The high motility of such hydrocarbons in soil-water systems is related to their relatively low octanol–water partition coefficient, which leads to slow soil absorption and preferential water transport, thereby resulting in the contamination of reservoirs [8]. Therefore, the problem with BTX in water can be magnified and complicated during disasters such as hurricanes and flooding, where BTX can be further mobilized and redistributed in the environment at contaminated sites, and be more readily available for skin penetration [9].
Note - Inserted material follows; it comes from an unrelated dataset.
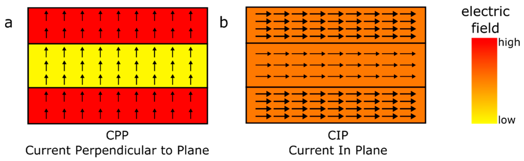 Simple double layer stacks in CPP (a) and CIP (b) configuration. CPP leads to a homogeneous current density (arrows) while the electric field is inhomogeneous, where CIP exhibits a homogenous electric field and an inhomogeneous current density.
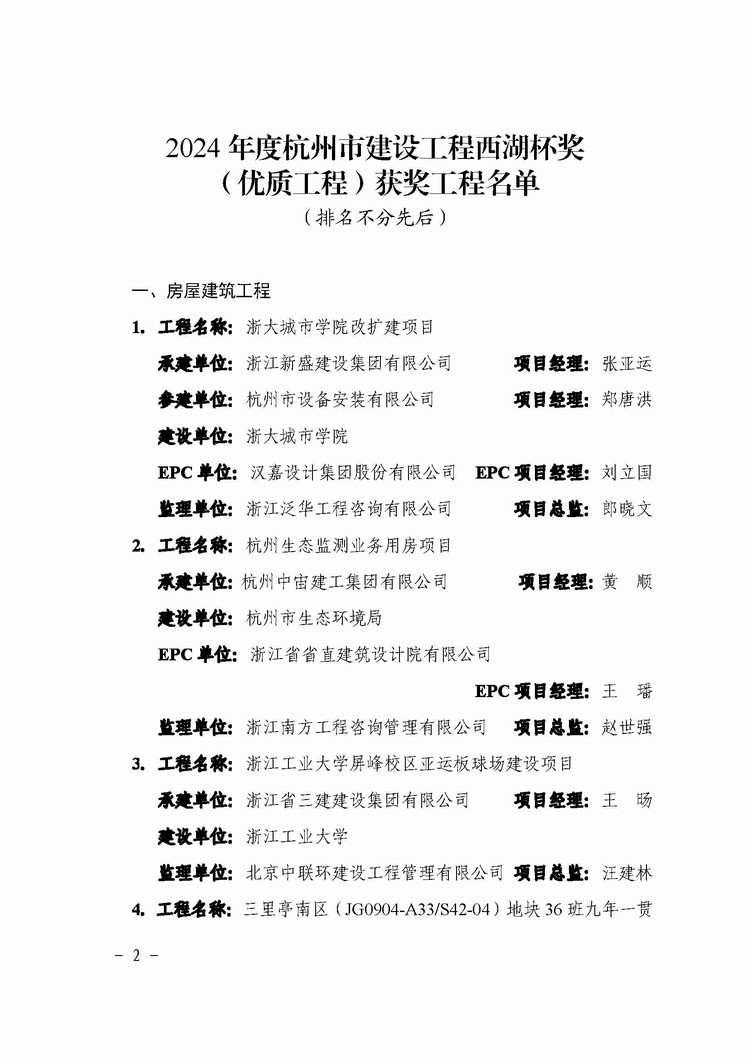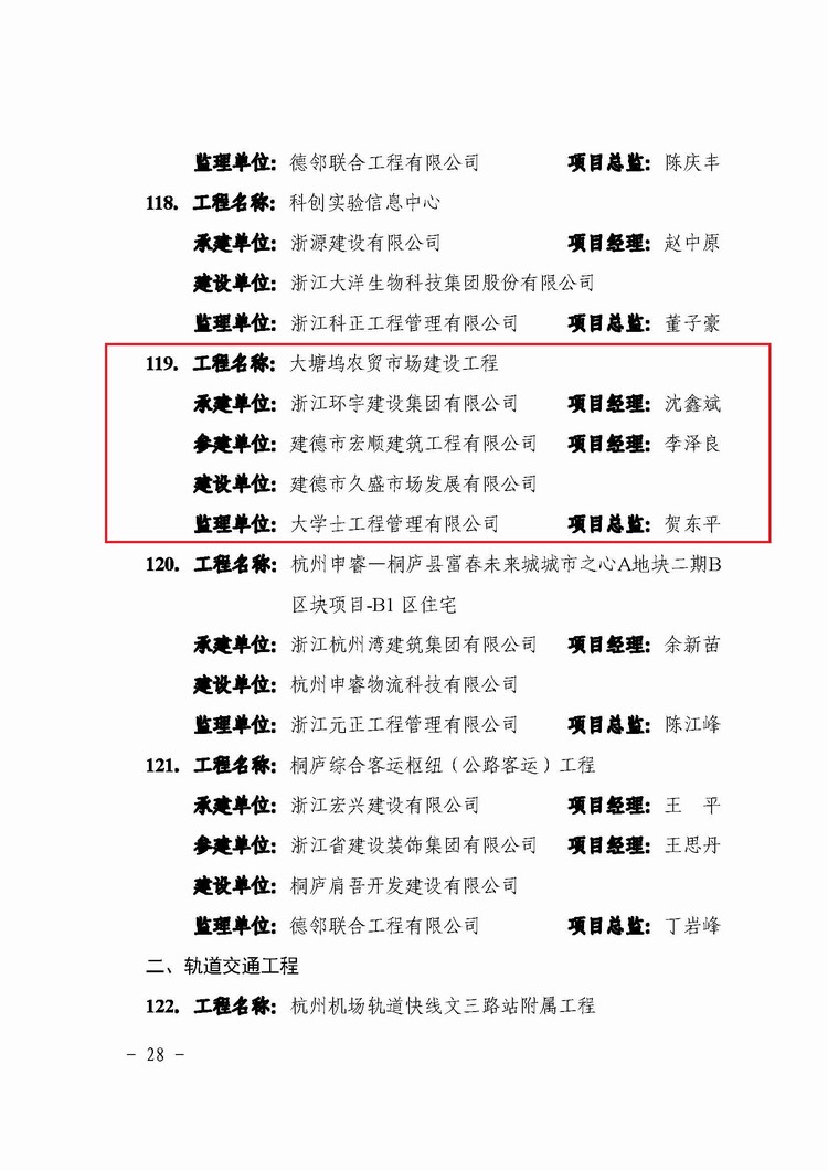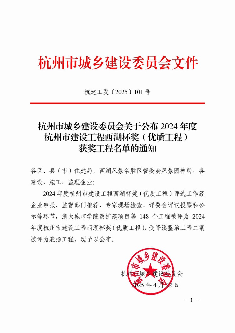 近日,杭州市城鄉(xiāng)建設委員會公布了2024年度杭州市建設工程西湖杯獎(優(yōu)質工程)獲獎工程名單,由我司承建的余政儲出【2019】60號地塊開發(fā)項目和大塘塢農(nóng)貿(mào)市場建設工程兩個項目獲此殊榮。

Extended dermal exposure to water can cause stratum corneum swelling and a more porous and permeable skin barrier [10,11,12]. Furthermore, exposure to environmental chemicals can weaken and damage the skin’s natural barrier, resulting in an increased amount and deeper penetration of chemicals, which, in turn, can affect the morphology and integrity of skin structure [12]. Specifically, the physical property of BTX allows for ready absorption across the skin, especially in compromised skin [13]. Moreover, these solvents may also enhance the penetration of other chemicals by disrupting the protective lipid layer of the skin [14]. Dermal exposure to BTX has been detected in farm workers and attendants exposed to solvents and heavy fuel oil [15,16,17]. Most efforts have been focused on developing effective remediation techniques for BTX in soil and groundwater, such as chemical degradation/oxidation processes, adsorption strategies using carbon, and various types of bioremediation. However, effective approaches to decrease skin contact to BTX in water have been limited to personal protective equipment (PPE) [18,19].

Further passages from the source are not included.